There are many organizations dedicated to annotating the genome of various species. These are the source many commonly used gene identifiers. For human, there are efforts such as: Entrez, UCSC, Ensembl, OMIM, Vega, CCDS, MGC, Refseq, etc. These efforts attempt to resolve ambiguity in the defining and naming of operational units of the genome (genes). Inevitably they also introduce ambiguity as well.

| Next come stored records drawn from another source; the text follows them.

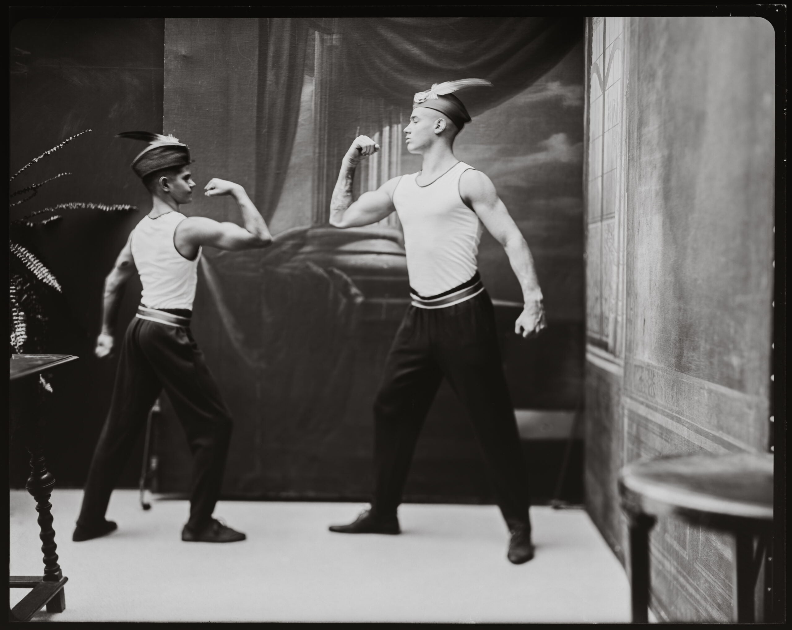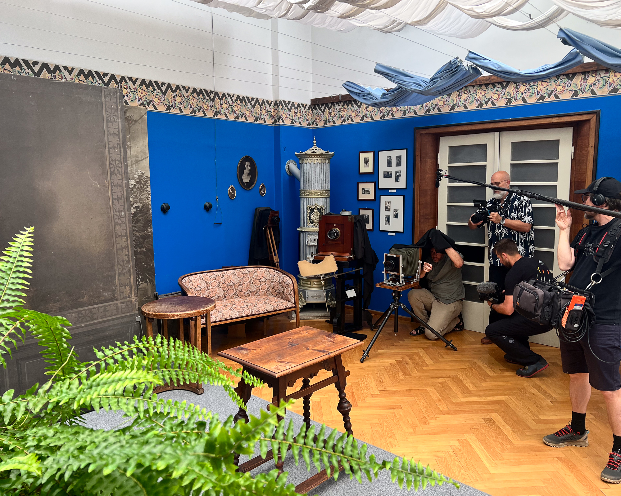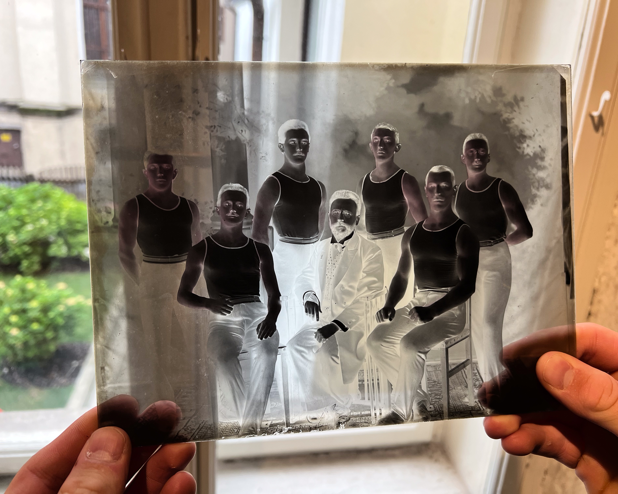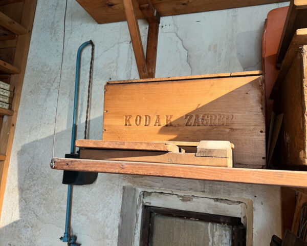 This remarkable studio also became the backdrop for filming scenes of the dry plate photography documentary currently being produced by Slovenia’s national television. We aimed to recreate one of Pelikan’s iconic portraits of a local gymnastics group, an image originally taken right in this very studio, on a glass dry plate.Thanks to the studio’s perfectly preserved setup, and with a little help from me and the Zebra Dry Plates, we were able to produce a remarkably faithful recreation of the original photograph. Working alongside Peter and his beautiful Primer 8×10 camera, we captured the image on standard Zebra glass dry plates. Even more exciting, we had the chance to process the negative in the very same darkroom where Pelikan himself once developed his plates. An unforgettable experience.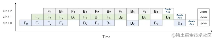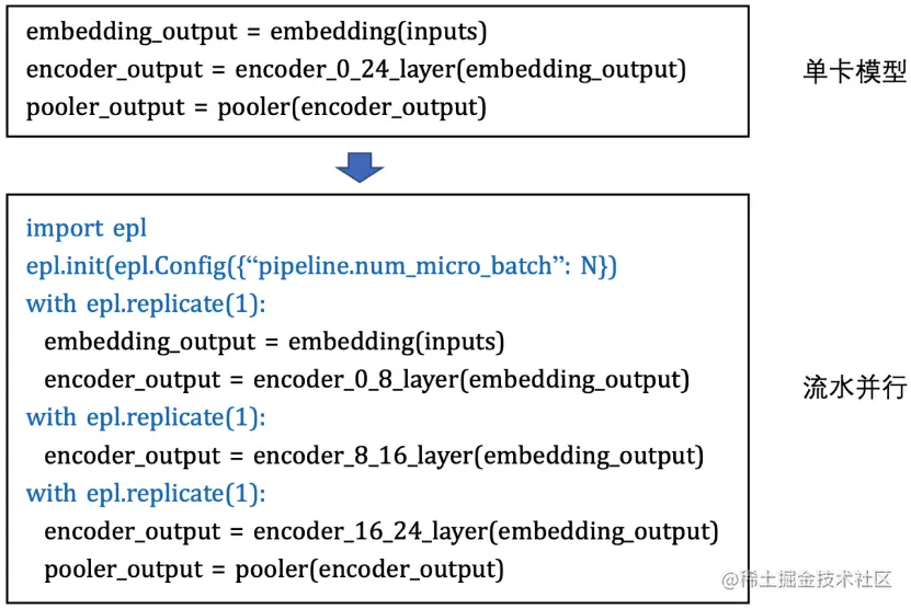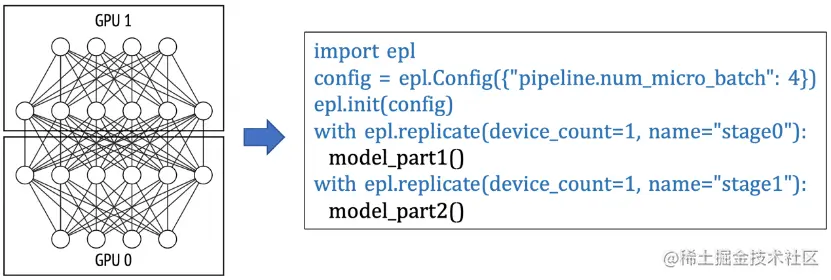 如此,每张卡训练时的显存开销会减少,从而可以增大batch size以提升收敛加速。另外,针对因模型过大、单卡显存无法放下所导致的无法训练的场景,通过Layer间拆分的模型并行方式来进行分布式训练。通过epl.replicate接口可以实现模型的stage划分,同时通过流水并行的执行调度来提升并行化性能,如下图所示: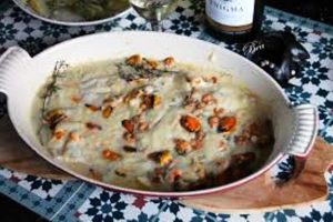 Les divers ingrédients utilisés pour réussir la recette sont : filets de merlan, crevettes grises, moules de bouchot, vin blanc sec, branches de thym, feuille de laurier, beurre, farine, jus de citron, crème fraîche épaisse, sel, poivre…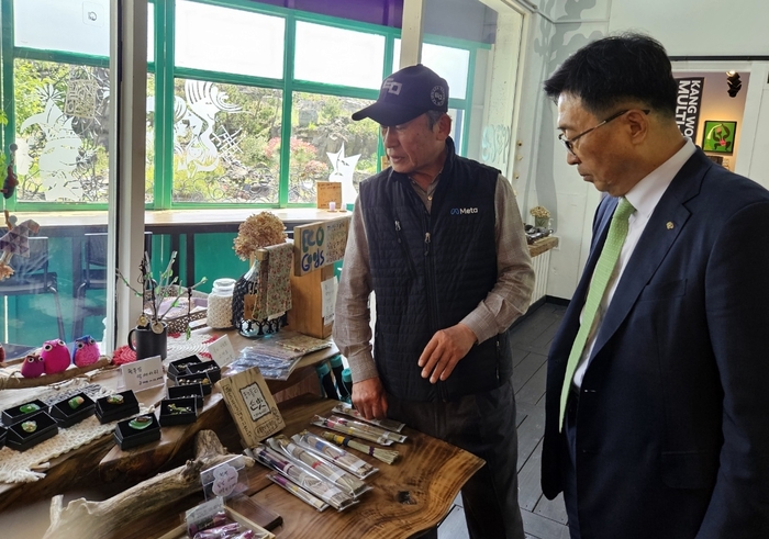 ▲ 탐나라공화국 현장 방문사진. 한국농수산식품유통공사 김춘진 사장(우측), 탐나라공화국 강우현 대표(좌측) © 인디포커스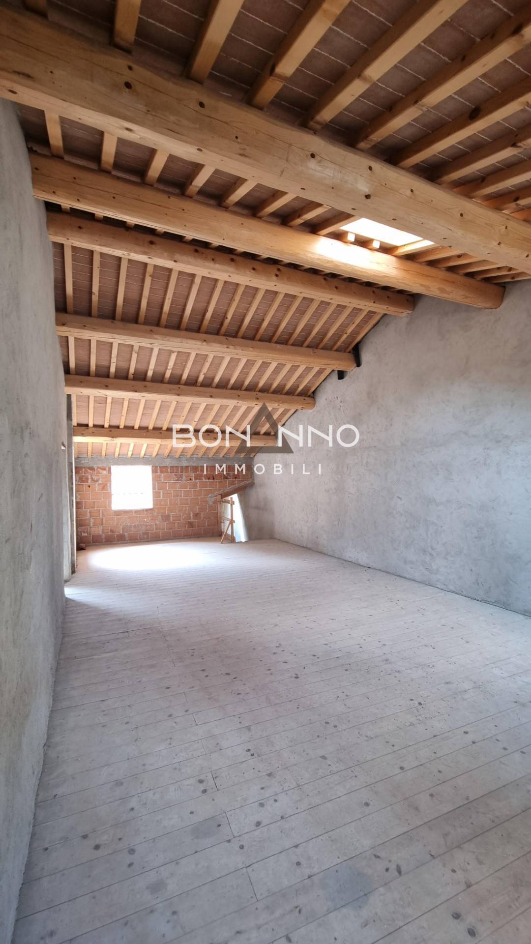 Il tetto nuovo ventilato e isolato a regola d'arte, tutto travato con legno a visto con velux per fare passare ulteriore luce. Consideriamo che tutti i piani sono caratterizzati dalla travatura in legno a vista, e che la zona notte nella parte centrale gode di altezze importanti, che permettono anche una parte soppalcata da sfruttare sia dal punto estetico sia funzionale.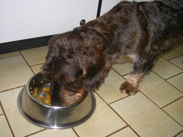 anbei Bilder von Vito. Er hat sich gut entwickelt, hat allerdings zu Beginn trotz hypoallergenem Futter einen bösen hot spot gehabt. Ist jetzt aber wieder verheilt und Haare sind nachgewachsen. Wollen hoffen, dass er so schnell nicht wieder kommt. Versuchen jetzt aber trotzdem etwas Obst ( Apfel u. Melone) und Gemüse (Möhren u. Brokkoli) zuzufüttern, bisher kein Problem. Äpfel sind seine Delikatesse.Wir haben noch nie einen Hund so Äpfel schmatzen hören.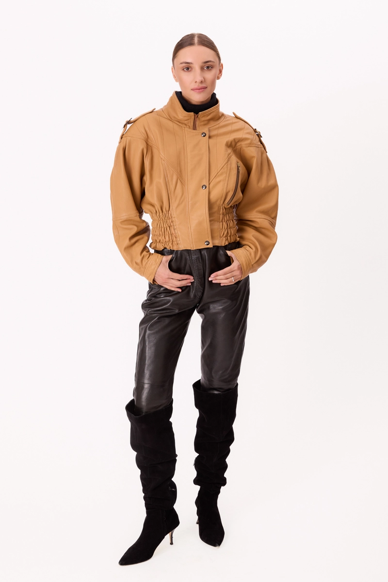 This caramel VINNCI leather jacket is a unique, second-hand item – carefully restored and reworked to give it a new character and extend its life. The oversized cut, combined with five rows of adjustable elastic at the waist and distinctly defined shoulders with epaulets, creates a design that combines elegance with modernity. The subtle texture of the leather highlights its uniqueness and artisanal character. This timeless piece perfectly reflects the idea of conscious fashion – stylish, durable, and unique.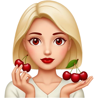 A pair of cherries with diamond gloss dripping halfway across the cherries emoji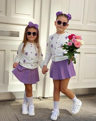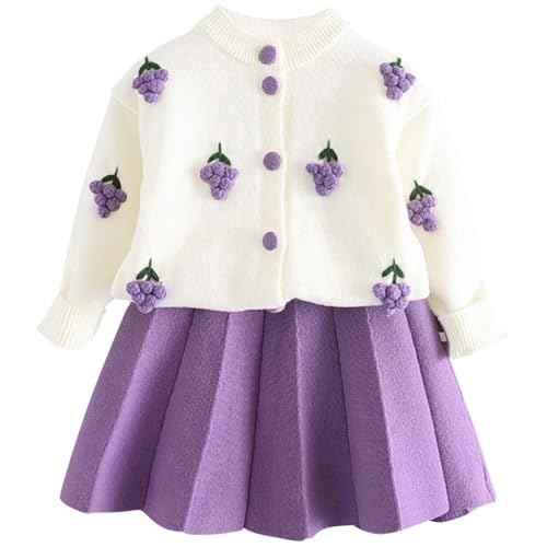 Generic - ملابس شتوية للبنات - طقم أنيق مكون من بلوزة محبوكة ناعمة بأكمام طويلة مع تنورة ميني قصيرة بكسرات للبنات الصغيرات لخزانة ملابس فصل الشتاء

There are multiple explanations for why a gene might have two similar names such as XXXX1, XXXX2. One possibility is that two adjacent regions in the genome are at one point considered distinct. But at a later point one of the organizations above determines that they should be merged. For example, there might be two transcript isoforms that were considered distinct genes at one point but are now considered alternative isoforms of the same locus. The same can happen in reverse, where a single locus is divided into two distinct genes. For this reason and others, there are many cases where the same synonym is used for several genes. You can get a sense of this by downloading Entrez's complete list of human gene names and synonyms (Homo_sapiens.gene_info.gz).
To illustrate all of this, lets consider an example: FLT4. Right now the HGNC provided name for this is FLT4. In the future this could change but for the most part these names are stable. FLT4 has at least four synonyms: PCL; FLT41; LMPH1A; VEGFR3. The official full name is 'fms-related tyrosine kinase 4'. In this case, the gene is being named according to its function as a kinase (an enzyme that transfers phosphate groups from a donor molecule to a substrate). It has the synonym 'VEGFR3' because it acts as a tyrosine kinase receptor for vascular endothelial growth factors C and D. So VEGFR3 describes its name in a signalling context, another broad way to think about the function of certain genes. It is also called 'LMPH1A' because mutations in this gene cause hereditary lymphedema type IA. FLT41 refers to a long isoform, expressed from the same locus.
To get a good feel for how gene naming evolves, repeat this exercise for several genes, examining the Entrez Gene record, HUGO entry, and so on for each. For example consider: ERBB2 (HER2), KMT2A (MLL), and DMD.
There are two major sources for gene names:
- Internal database ids that reflect the identity of a gene within a repository: genbank ids (unique per entry), accession numbers (these may have versions and refer to updated data for a given entity) and locus numbers (these refer to a location on a genome). Each database may have its own rules: ucsc ids, ensembl ids etc.
- Biologically meaningful gene nomenclature that conforms to the rules established for a given organism. These rules may be different for different organisms. You can read more details here: http://en.wikipedia.org/wiki/Gene_nomenclature See the list for different organisms.
For example the rules for naming human genes can be seen here: http://www.genenames.org/guidelines.html
Science works by domain. Even if a name is not so great in the big scheme, people in a given group stick to their group standards. Authors in the life sciences use not what seems as strange names in their articles, because in the context of the article, the given name is obvious to all (human) readers. Names are created by authors and make sense usually in the context of a publication. Different people can name things differently.
The curators of the main databases that collect these gene names (RefSeq, HGNC, OMIM, UniProt for human, MGI for mice, flybase for flies, etc) then add all synonyms that they find in the papers they read which means that there are many synonyms that are not unique to a gene and seem weird when you look at the list.